> [Recorded information]
====
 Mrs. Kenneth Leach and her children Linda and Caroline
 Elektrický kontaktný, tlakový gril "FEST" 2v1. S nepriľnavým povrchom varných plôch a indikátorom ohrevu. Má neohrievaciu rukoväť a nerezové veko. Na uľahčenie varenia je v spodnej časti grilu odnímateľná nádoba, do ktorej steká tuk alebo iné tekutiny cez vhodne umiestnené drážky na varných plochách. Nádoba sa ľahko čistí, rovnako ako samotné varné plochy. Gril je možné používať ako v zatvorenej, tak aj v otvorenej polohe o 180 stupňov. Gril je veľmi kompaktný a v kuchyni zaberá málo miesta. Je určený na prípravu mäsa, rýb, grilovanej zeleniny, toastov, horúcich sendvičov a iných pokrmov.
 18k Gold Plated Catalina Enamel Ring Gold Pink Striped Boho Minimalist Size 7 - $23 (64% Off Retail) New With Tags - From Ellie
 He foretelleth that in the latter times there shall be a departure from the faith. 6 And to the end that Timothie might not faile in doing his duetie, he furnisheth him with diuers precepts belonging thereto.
====
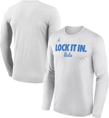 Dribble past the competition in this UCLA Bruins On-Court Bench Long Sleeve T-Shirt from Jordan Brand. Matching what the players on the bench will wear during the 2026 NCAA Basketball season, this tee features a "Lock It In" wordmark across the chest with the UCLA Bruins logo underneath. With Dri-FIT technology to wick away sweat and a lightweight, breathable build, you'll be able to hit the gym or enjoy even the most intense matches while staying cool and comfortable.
====
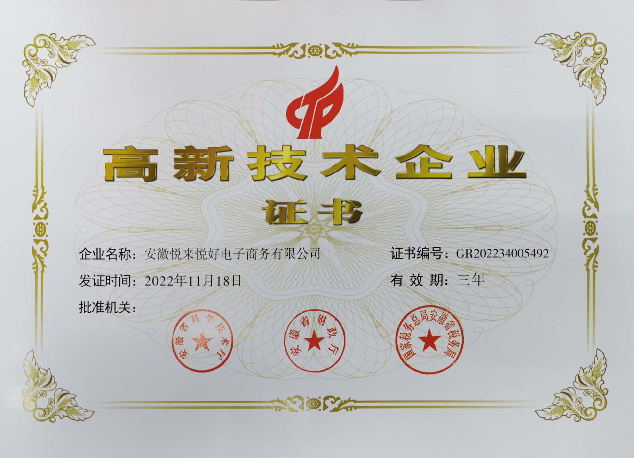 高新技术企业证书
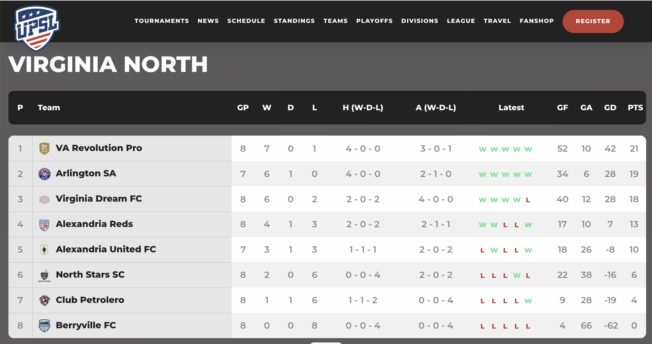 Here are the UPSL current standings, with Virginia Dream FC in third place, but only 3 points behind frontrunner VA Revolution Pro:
====
> [Required action] From the entries above, print the lines beginning at the one with "Elektrický kontaktný, tlakový" and stopping after the one with "He foretelleth that", exactly as written and with nothing else.

> [Reply to the exercise]
 Elektrický kontaktný, tlakový gril "FEST" 2v1. S nepriľnavým povrchom varných plôch a indikátorom ohrevu. Má neohrievaciu rukoväť a nerezové veko. Na uľahčenie varenia je v spodnej časti grilu odnímateľná nádoba, do ktorej steká tuk alebo iné tekutiny cez vhodne umiestnené drážky na varných plochách. Nádoba sa ľahko čistí, rovnako ako samotné varné plochy. Gril je možné používať ako v zatvorenej, tak aj v otvorenej polohe o 180 stupňov. Gril je veľmi kompaktný a v kuchyni zaberá málo miesta. Je určený na prípravu mäsa, rýb, grilovanej zeleniny, toastov, horúcich sendvičov a iných pokrmov.
 18k Gold Plated Catalina Enamel Ring Gold Pink Striped Boho Minimalist Size 7 - $23 (64% Off Retail) New With Tags - From Ellie
 He foretelleth that in the latter times there shall be a departure from the faith. 6 And to the end that Timothie might not faile in doing his duetie, he furnisheth him with diuers precepts belonging thereto.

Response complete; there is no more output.